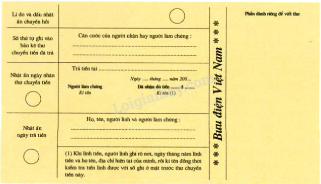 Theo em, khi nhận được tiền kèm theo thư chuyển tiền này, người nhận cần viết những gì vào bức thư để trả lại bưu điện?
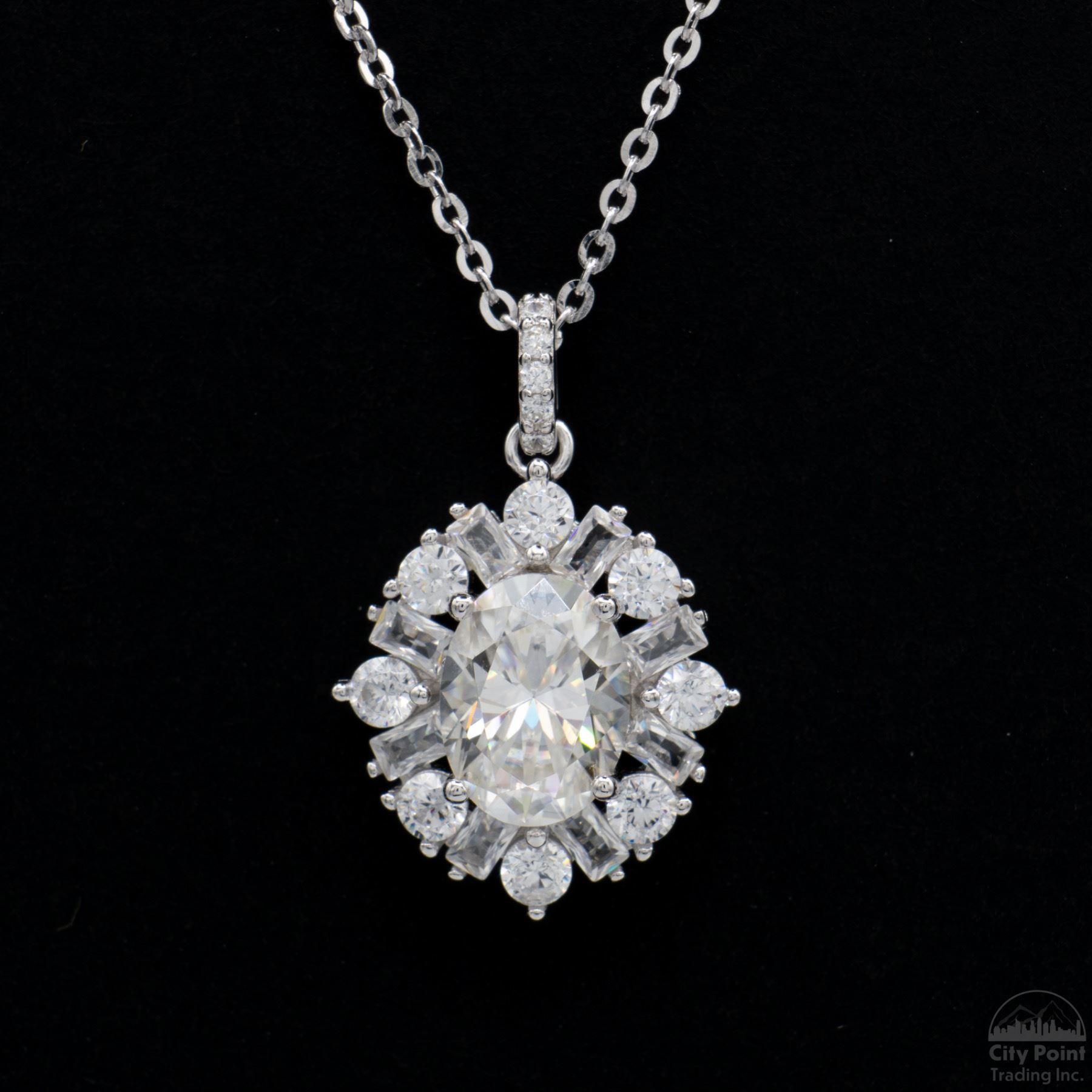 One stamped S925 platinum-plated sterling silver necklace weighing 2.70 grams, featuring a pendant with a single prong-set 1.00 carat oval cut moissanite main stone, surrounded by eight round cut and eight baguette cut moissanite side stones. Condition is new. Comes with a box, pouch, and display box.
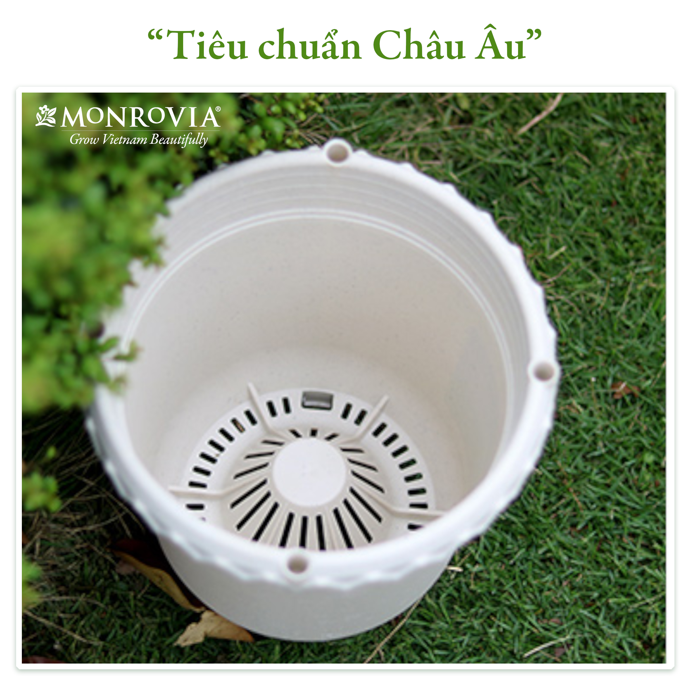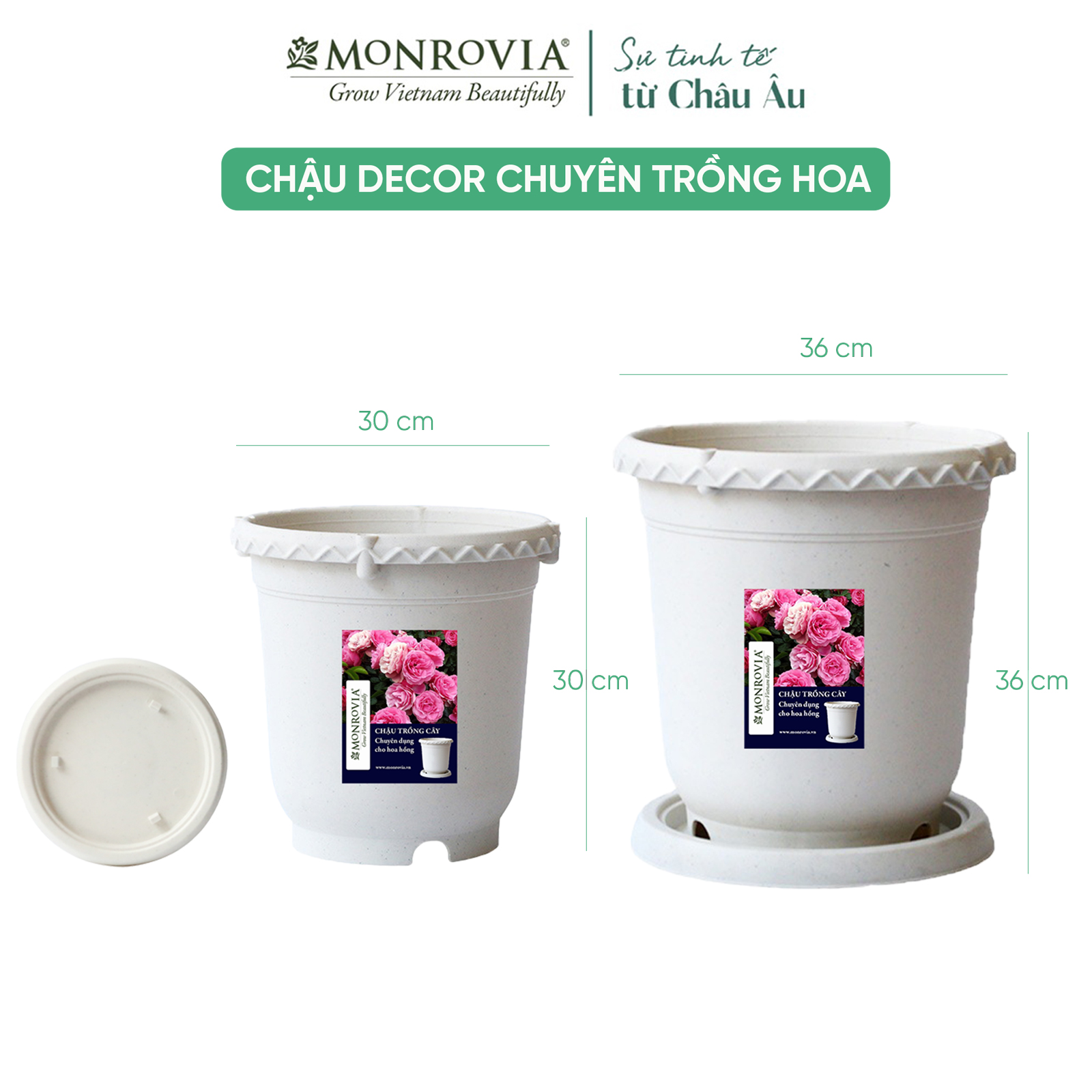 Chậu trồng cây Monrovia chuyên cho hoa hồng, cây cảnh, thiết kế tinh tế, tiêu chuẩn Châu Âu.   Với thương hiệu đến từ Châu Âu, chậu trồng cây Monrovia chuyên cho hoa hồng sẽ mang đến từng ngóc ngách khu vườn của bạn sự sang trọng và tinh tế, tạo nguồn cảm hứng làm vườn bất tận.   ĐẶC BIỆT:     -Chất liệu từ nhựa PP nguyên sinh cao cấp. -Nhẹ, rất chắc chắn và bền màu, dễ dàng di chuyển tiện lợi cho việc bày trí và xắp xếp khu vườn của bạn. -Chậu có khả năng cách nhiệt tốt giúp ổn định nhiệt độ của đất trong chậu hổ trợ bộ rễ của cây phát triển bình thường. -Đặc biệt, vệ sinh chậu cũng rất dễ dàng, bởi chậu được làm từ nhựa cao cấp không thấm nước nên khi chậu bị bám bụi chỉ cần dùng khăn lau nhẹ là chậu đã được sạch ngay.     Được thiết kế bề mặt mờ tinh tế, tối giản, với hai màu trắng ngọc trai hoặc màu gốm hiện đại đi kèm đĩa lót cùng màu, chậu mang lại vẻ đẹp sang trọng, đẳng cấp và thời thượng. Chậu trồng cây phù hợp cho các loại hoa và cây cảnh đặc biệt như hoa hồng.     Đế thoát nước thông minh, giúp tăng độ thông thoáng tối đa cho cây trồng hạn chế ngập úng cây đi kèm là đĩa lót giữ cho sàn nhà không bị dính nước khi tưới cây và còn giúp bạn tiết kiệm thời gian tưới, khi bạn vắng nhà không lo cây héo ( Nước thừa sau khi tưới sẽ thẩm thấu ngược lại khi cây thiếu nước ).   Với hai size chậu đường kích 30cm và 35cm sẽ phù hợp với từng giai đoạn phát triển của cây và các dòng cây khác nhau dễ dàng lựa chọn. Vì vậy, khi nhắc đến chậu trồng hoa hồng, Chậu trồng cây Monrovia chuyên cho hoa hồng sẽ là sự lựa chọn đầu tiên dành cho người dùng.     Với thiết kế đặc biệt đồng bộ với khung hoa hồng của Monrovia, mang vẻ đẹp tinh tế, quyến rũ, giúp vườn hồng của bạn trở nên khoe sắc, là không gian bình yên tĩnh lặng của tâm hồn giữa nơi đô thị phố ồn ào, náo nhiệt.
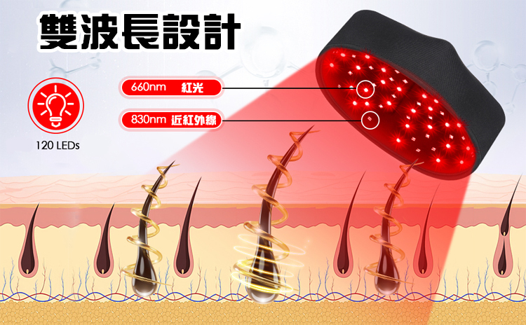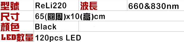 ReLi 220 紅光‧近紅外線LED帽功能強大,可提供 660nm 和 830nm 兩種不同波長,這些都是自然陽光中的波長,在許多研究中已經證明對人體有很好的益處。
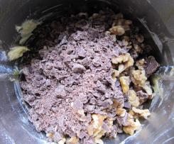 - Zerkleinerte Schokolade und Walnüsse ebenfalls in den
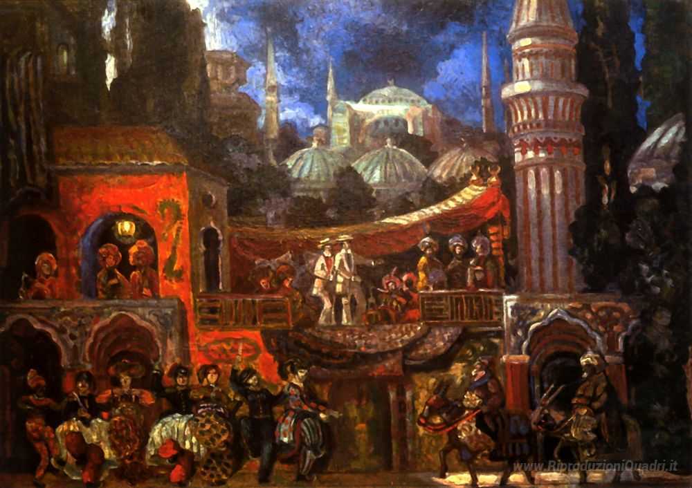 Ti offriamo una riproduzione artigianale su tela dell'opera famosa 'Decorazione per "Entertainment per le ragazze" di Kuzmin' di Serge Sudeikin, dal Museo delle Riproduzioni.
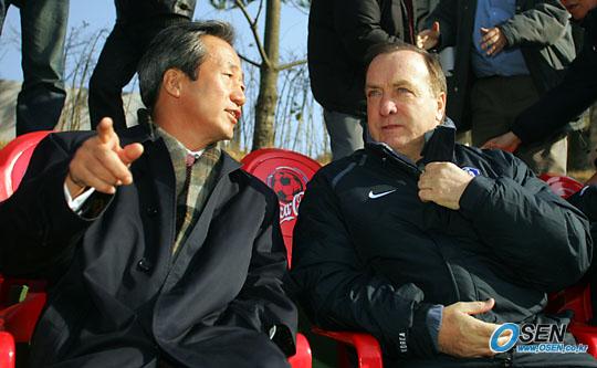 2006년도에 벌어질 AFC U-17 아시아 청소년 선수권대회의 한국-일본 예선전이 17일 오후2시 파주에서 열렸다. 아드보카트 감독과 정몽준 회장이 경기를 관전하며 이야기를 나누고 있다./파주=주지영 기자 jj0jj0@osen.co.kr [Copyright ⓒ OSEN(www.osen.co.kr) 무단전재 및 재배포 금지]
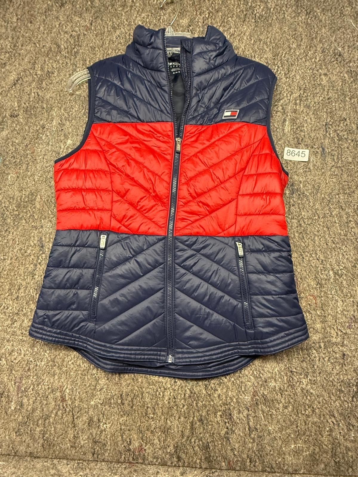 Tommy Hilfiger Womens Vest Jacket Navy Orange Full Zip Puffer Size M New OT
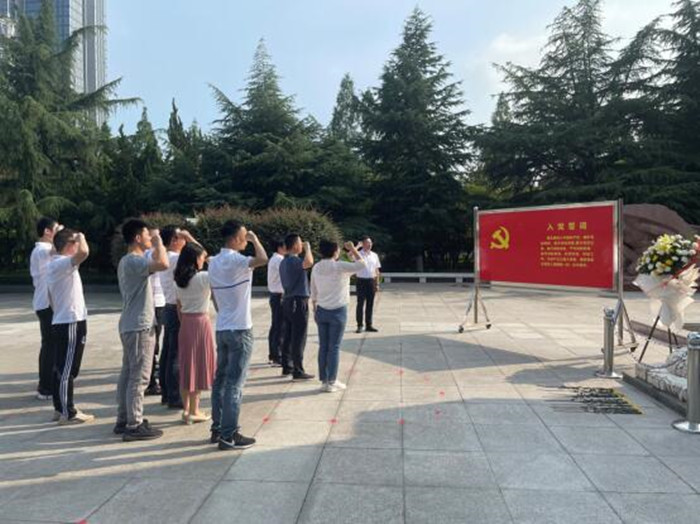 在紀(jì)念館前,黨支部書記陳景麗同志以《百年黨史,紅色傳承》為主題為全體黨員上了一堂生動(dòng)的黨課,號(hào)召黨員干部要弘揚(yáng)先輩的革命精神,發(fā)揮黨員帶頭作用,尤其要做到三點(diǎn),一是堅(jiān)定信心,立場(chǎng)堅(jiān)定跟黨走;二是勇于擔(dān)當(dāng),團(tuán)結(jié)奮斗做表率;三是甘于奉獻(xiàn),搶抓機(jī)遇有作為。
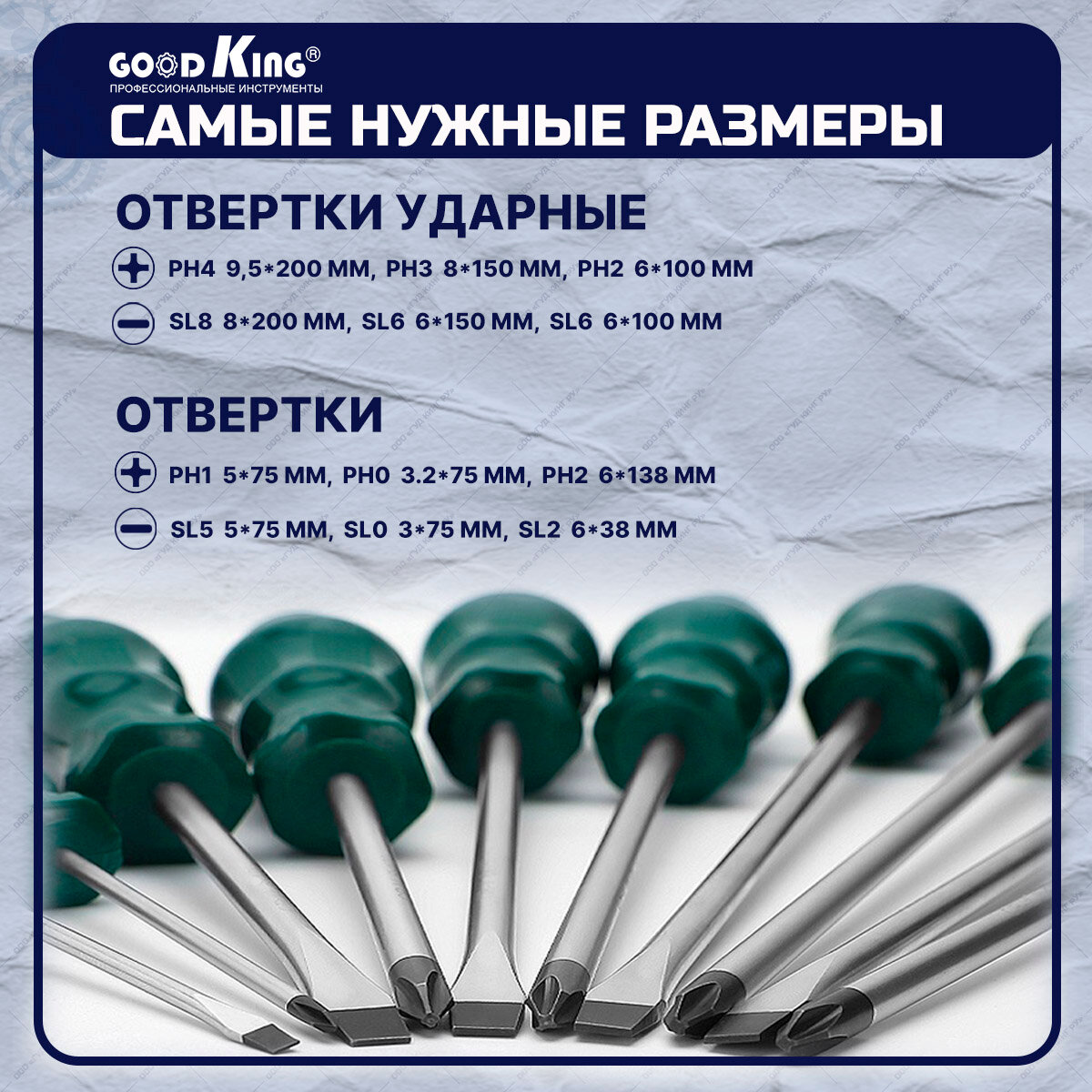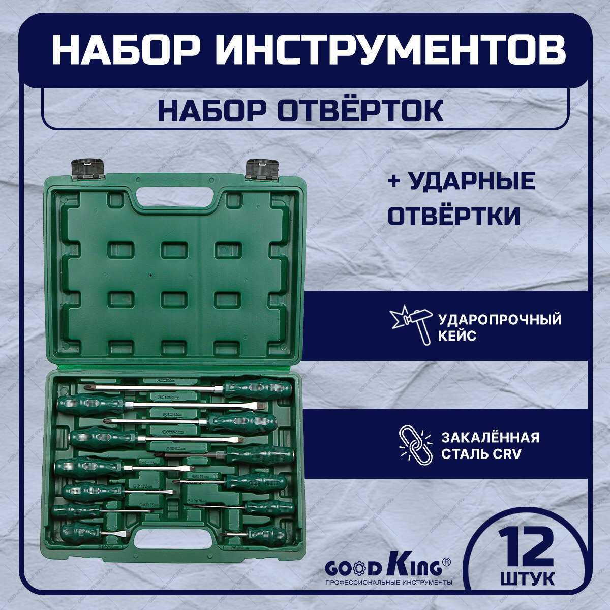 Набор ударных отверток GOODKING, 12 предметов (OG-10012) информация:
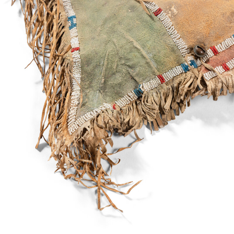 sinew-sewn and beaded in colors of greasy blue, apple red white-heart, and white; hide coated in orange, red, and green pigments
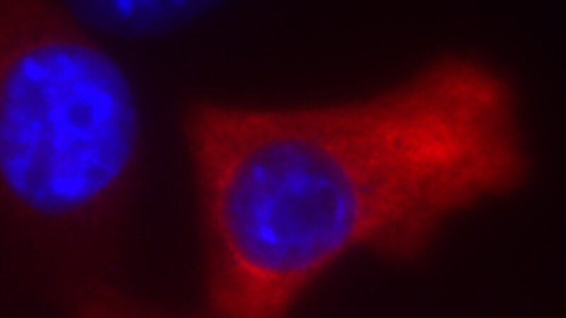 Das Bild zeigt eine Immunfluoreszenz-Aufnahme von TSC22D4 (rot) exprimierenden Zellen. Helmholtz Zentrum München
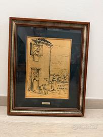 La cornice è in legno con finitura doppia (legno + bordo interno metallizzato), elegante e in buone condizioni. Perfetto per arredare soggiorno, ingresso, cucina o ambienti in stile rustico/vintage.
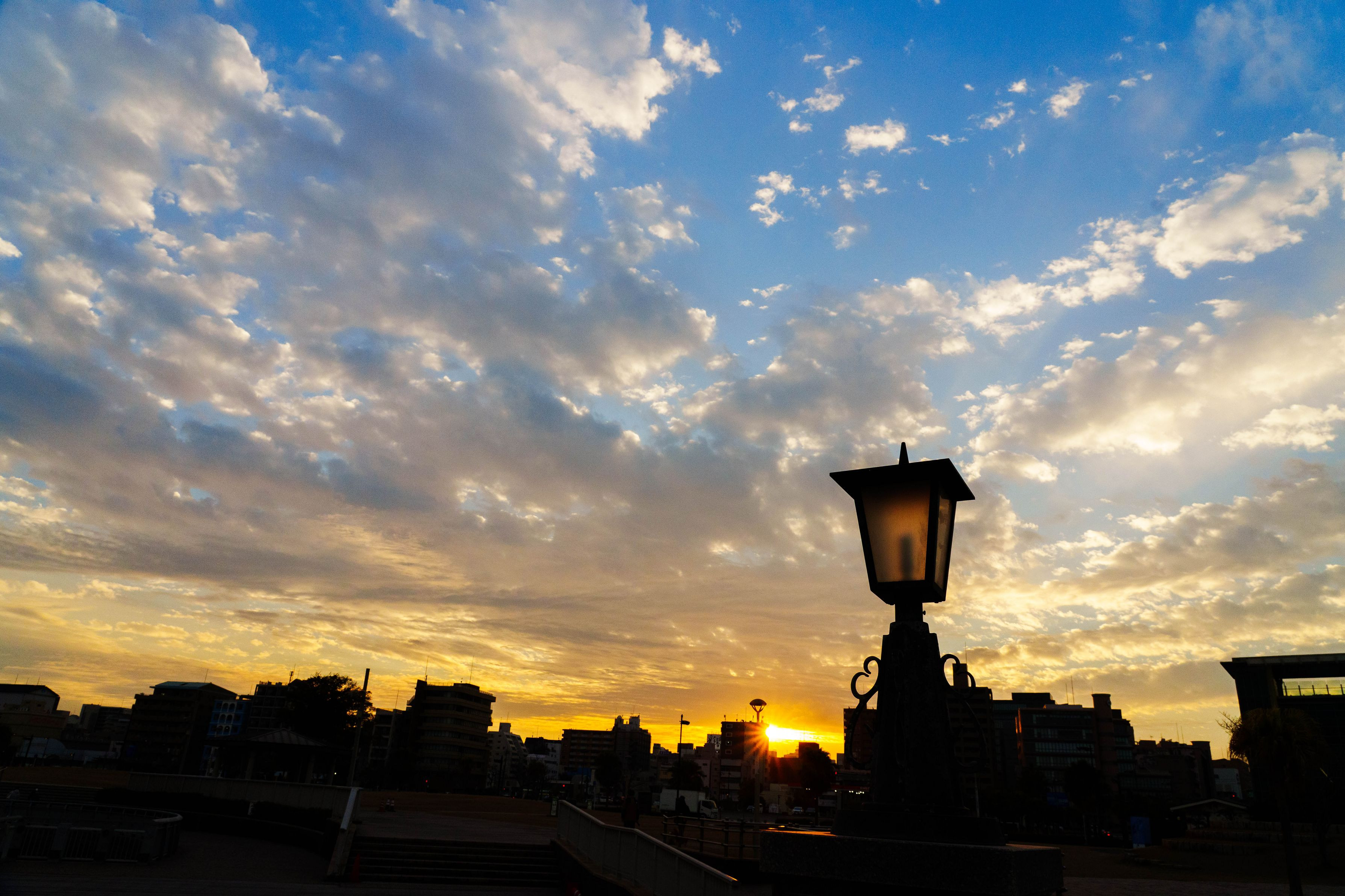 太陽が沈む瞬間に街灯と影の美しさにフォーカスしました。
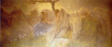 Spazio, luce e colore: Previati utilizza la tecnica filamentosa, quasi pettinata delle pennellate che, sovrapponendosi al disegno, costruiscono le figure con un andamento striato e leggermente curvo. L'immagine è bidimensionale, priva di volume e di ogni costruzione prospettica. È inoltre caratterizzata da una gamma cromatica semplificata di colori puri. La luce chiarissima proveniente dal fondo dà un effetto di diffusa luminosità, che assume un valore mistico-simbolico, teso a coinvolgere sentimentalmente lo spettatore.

----

> [YOUR TASK]:
Using the data above, retype exactly the lines from the line with "Tommy Hilfiger Womens" to the line with "Das Bild zeigt", inclusive. No pictures and nothing else.

> [EXERCISE RESULT]:
 Tommy Hilfiger Womens Vest Jacket Navy Orange Full Zip Puffer Size M New OT
 在紀(jì)念館前,黨支部書記陳景麗同志以《百年黨史,紅色傳承》為主題為全體黨員上了一堂生動(dòng)的黨課,號(hào)召黨員干部要弘揚(yáng)先輩的革命精神,發(fā)揮黨員帶頭作用,尤其要做到三點(diǎn),一是堅(jiān)定信心,立場(chǎng)堅(jiān)定跟黨走;二是勇于擔(dān)當(dāng),團(tuán)結(jié)奮斗做表率;三是甘于奉獻(xiàn),搶抓機(jī)遇有作為。
 Набор ударных отверток GOODKING, 12 предметов (OG-10012) информация:
 sinew-sewn and beaded in colors of greasy blue, apple red white-heart, and white; hide coated in orange, red, and green pigments
 Das Bild zeigt eine Immunfluoreszenz-Aufnahme von TSC22D4 (rot) exprimierenden Zellen. Helmholtz Zentrum München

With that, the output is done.